Below the **Properties section** is the **Applied Steps** section. This section provides a list of all transformations that have been applied to your data in the order they were applied. It serves as a history of your data transformations, giving you a clear picture of the sequence of operations that have led to your current dataset.


### The Advanced Editor

> The **Advanced Editor** lets you see the code that Power Query Editor is creating with each step. Every transformation that you create in the GUI is also represented as a code snippet in a functional language called M, which is written in the background as you work. You can also write your own transformations directly in M. To launch the **Advanced Editor**, select **View** from the ribbon, then select **Advanced Editor**. A window appears, in which you can view and edit the code associated with the current transformation.

### Saving your work
When your query is where you want it, select **Close & Apply** from the **Home** pane of the **Power Query Editor**. This action applies the changes and closes the editor.


## Data Types in Power Query Editor

>Power Query Editor can be used to change the data type of columns in the query. The data types you can select at this stage of the ETL process (e.g. text, whole number, Boolean etc.) are the building blocks that you'll use to shape your data before loading it into the Power BI model. This contrasts with a more diverse set of "semantic" data types, such as geographical categories, that can be selected when building the data model itself. We will cover these in more detail in another lesson.


### Different Types of Data

**1. Text:**  Used for storing alphanumeric characters. Suitable for names, addresses, and other string-based information.
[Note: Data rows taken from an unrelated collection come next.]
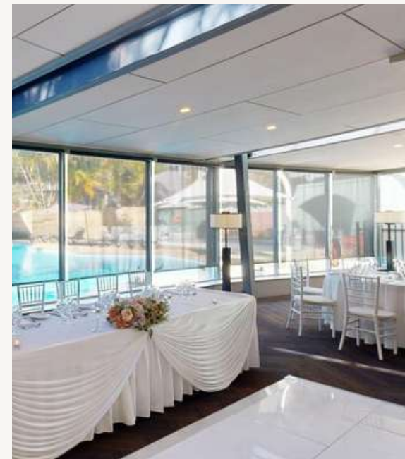
Waterwall Restaurant & Bar
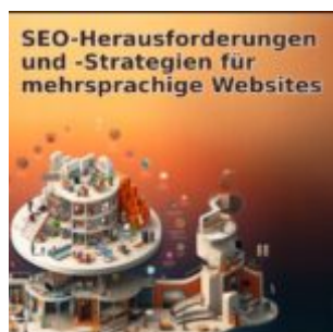
SEO-Herausforderungen und -Strategien für mehrsprachige Websites
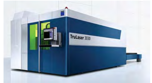
TruLaser 3060 Fiber
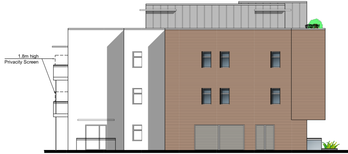
SIDE ELEVATION 2

**2. Whole Number:** Stores whole integers, both positive and negative. It's optimized for arithmetic operations.

**3. Decimal Number:** Used for storing decimal numbers, suitable for calculations requiring fractional numbers

**4. Percentage:** Though essentially a decimal number, this type is specially formatted to appear as a percentage

**5. Currency:** Similar to decimal numbers, but formatted to display currency symbols

**6. Date/Time:** This type contains both date and time information down to the second. It's useful for timestamping events.

**7. Date:** Stores only the date information. Suitable for scenarios where the time of day is not required.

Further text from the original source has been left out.